In Deutschland beispielsweise zeigt der demografische Wandel, dass eine alternde Bevölkerung eine steigende Nachfrage nach bestimmten medizinischen Leistungen mit sich bringt. Gleichzeitig stehen Kliniken unter dem Druck, ihre Betriebsabläufe aufgrund begrenzter Ressourcen zu optimieren. Die Herausforderungen, die Professor Timm anmerkt, lassen sich in diesem weiten Kontext verstehen. Die Entwicklung hin zu Versorgungsverbünden kann als Reaktion auf diese Trends gesehen werden.

Beispiele internationaler Reformansätze

Nicht nur Deutschland beschäftigt sich mit diesen Fragen. In Großbritannien hat das National Health Service (NHS) beispielsweise Programme initiiert, um Krankenhausnetzwerke zu bilden, die eine umfassendere Versorgung der Patienten gewährleisten. Diese Netzwerkbildung hat das Ziel, die Spezialisierung zu fördern und die Patientensicherheit zu gewährleisten. Ähnliches geschieht auch in Ländern wie Kanada, wo die Integration von Gesundheitsdiensten durch regionale Versorgungsmodelle vorangetrieben wird, um die Qualität und Zugänglichkeit der Gesundheitsversorgung zu verbessern.

Ein Vergleich zeigt, dass trotz unterschiedlicher Gesundheitssysteme die Herausforderungen doch sehr ähnlich sind. Wachsende Patientenzahlen, die Notwendigkeit zur Spezialisierung und der Druck auf die Kosteneffizienz erfordern innovative Lösungen, die sowohl auf regionaler als auch auf nationaler Ebene gedacht werden müssen.

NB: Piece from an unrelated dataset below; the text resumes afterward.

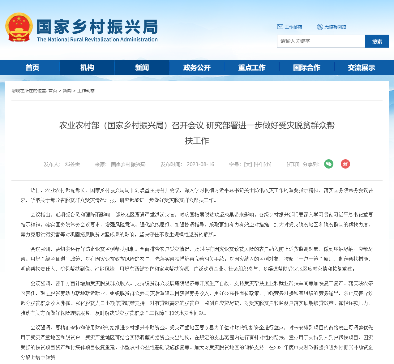 會(huì)議要求切實(shí)運(yùn)行好防止返貧監(jiān)測(cè)幫扶機(jī)制。全面排查農(nóng)戶受災(zāi)情況,及時(shí)將有因?yàn)?zāi)返貧致貧風(fēng)險(xiǎn)的農(nóng)戶納入防止返貧監(jiān)測(cè)對(duì)象。用好“綠色通道”政策,對(duì)有因?yàn)?zāi)返貧致貧風(fēng)險(xiǎn)的農(nóng)戶,先落實(shí)幫扶措施再完善相關(guān)手續(xù)。用好東西部協(xié)作和定點(diǎn)幫扶資源,多渠道幫助受災(zāi)地區(qū)應(yīng)對(duì)災(zāi)情和恢復(fù)重建。

Der Weg zu einer besseren Patientenversorgung

Die Zusammensetzung von Versorgungsverbünden könnte einzigartige Chancen bieten. Timm betont die Notwendigkeit einer regionalen Zusammenarbeit, um die vorhandenen Ressourcen besser zu nutzen. Studien zeigen, dass die Bildung solcher Netzwerke die Ergebnisse in der Patientenversorgung signifikant verbessern kann – nicht nur durch eine bessere Verteilung der Patienten, sondern auch durch den Austausch von Best Practices und Fachwissen zwischen den Einrichtungen. Dies könnte in der Zukunft auch bei der Patientenversorgung für lungenonkologische Eingriffe von Bedeutung sein, die aufgrund der gesetzlichen Vorgaben in Deutschland von zentraler Bedeutung sind.

Eine erfolgreiche Zusammenarbeit könnte dazu beitragen, nicht nur die Qualität der Versorgung zu steigern, sondern auch die Akzeptanz der Patienten für neue Versorgungsstrukturen zu erhöhen. In diesem Sinne könnte die Reform auch als eine Chance betrachtet werden, die geografische und soziale Ungleichheit in der medizinischen Versorgung zu beseitigen und allen Patienten einen gleichwertigen Zugang zu spezialisierten Behandlungen zu ermöglichen.